-
Architects: Illiz Architektur
- Area: 885 m²
- Year: 2020
-
Photographs:Roland Bernath
Text description provided by the architects. The Municipality of Bütschwil-Ganterschwil lies in the heart of Switzerland’s Toggenburg region. Once known for its textile industry, today its rural villages, close to Wil and St. Gallen, attract a constant stream of new residents, the youngest of whom require an increasing amount of school space. To meet this demand, an extension to Bütschwil Primary School was completed in 2021.
Presenting a timeless wooden facade to the existing school, this two-story new build, slightly set back from Mittendorfstrasse, blends effortlessly into the complex, one long side following the line of the street like the old sports hall. The access route on the southern side of the school has been continued in terms of both orientation and materiality. Paving sets guide pupils from the spacious playground across the road to the new forecourt of the wooden-clad school building. As well as keeping distances short, the paving acts as a traffic-calming measure on the street and links the new stand-alone structure to the rest of the school.

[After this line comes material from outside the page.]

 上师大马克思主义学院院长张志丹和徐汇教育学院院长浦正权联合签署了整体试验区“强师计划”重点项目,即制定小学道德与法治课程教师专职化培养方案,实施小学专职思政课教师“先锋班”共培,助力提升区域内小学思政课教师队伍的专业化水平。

The clever positioning of the building and its four gently projecting volumes creates a number of different outdoor spaces: to the east, a play area protected from the street; to the south-west a small forecourt for visitors, waiting and playing. The dimensions of this space have been kept intentionally small to accentuate the main entrance via the old school building. To the northwest of the new building, generous staff parking is easily accessible from all parts of the school.

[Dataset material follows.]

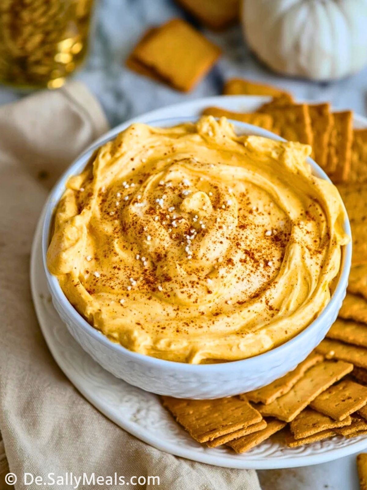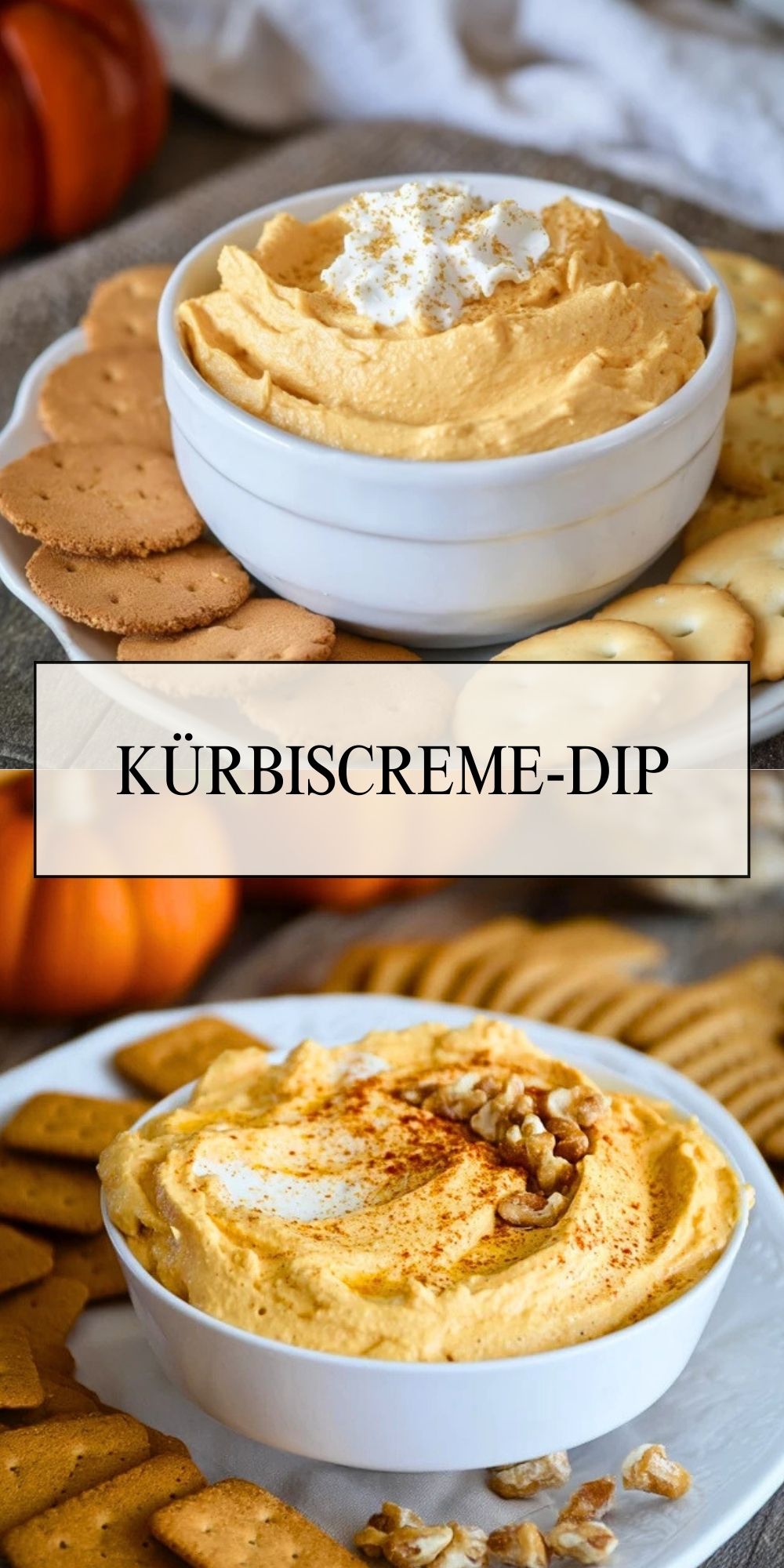 Ein cremiger, herbstlicher Kürbiscreme-Dip mit Frischkäse, Schlagsahne und aromatischen Gewürzen – perfekt als süßer Snack zu Keksen, Crackern oder frischem Obst und in wenigen Minuten ohne Backen zubereitet.

Visitors large and small enter the building through a gate-like opening in the new wooden facade at the end of the connecting footpath, the simple form of the compact hybrid construction taking shape as they approach. The building is clad on all sides in a gentle rhythmical pattern of vertical wooden slats, the use of finer strips marking the transition from the ground to the upper floor. The facade opening on the ground floor leads to an outdoor space that provides shelter from wind, rain, and sun during break times and doubles up as a light and airy classroom. Open sitting niches offer popular spots for observation and retreat, ensuring that the time before the pupils enter the building is characterized by quiet reflection as much as the chattering exchanges and hurly-burly that precede the school day.

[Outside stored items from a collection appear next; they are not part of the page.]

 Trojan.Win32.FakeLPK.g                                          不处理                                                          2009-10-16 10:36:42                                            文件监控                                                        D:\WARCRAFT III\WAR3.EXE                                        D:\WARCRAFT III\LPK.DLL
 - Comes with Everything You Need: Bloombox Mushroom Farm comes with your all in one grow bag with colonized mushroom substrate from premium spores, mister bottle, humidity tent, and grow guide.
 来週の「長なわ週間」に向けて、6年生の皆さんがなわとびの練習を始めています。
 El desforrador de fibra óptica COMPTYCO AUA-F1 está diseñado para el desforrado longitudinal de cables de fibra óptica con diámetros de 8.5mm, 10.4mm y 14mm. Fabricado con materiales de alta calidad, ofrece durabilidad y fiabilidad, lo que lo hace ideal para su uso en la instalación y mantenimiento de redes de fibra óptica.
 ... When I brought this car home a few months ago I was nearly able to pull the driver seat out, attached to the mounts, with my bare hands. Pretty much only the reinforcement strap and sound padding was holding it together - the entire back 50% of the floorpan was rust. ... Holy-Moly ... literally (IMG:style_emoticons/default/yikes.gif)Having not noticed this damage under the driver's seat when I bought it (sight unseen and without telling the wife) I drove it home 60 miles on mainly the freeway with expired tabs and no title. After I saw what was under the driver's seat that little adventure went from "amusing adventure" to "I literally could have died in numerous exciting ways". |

The children pass from the covered outdoor space through a large glass door into a double-story foyer area. Before them rises an open staircase with attractive, noise-reducing banisters made of perforated bronze-colored acoustic panels. The stairwell is surrounded by spacious corridors that lead into the eight rooms used by the children. A skylight above the stairs provides the central space with ambient light. The foyer with its two cloakroom areas is finished in fair-faced concrete with continuous skirting and a mix of wooden and glazed wooden doors. The latter offers views into the timber-lined classrooms that are arranged at the corners of the building on both floors. These ‘wooden chambers’ seem to literally plug into the building’s solid concrete core.
The fan-like arrangement of the functionally neutral main rooms and the resulting division of the building into four separate volumes create a cloverleaf floor plan. The leaves themselves, slightly offset outwards, look out and let in light on two sides and provide the opportunity for natural transverse ventilation, obviating the need for a controlled ventilation system. Low-level window sills at the large openings invite even the smallest children to observe their surroundings and can also be used for painting and other craft activities. The large, mature trees have been carefully incorporated into the new architecture and provide valuable shade. The classrooms are completely clad in Swiss pine with ash floors. The omnipresence of wood is broken only by the windows, which offer views of both the outside and into the building, revealing the arrival of classmates.
At the interface between interior and exterior, where the hard building core meets the soft, warm school rooms, Bütschwil Primary School offers spatial variety and has a naturally untroubled air that offers inspiration and encouragement to its young pupils.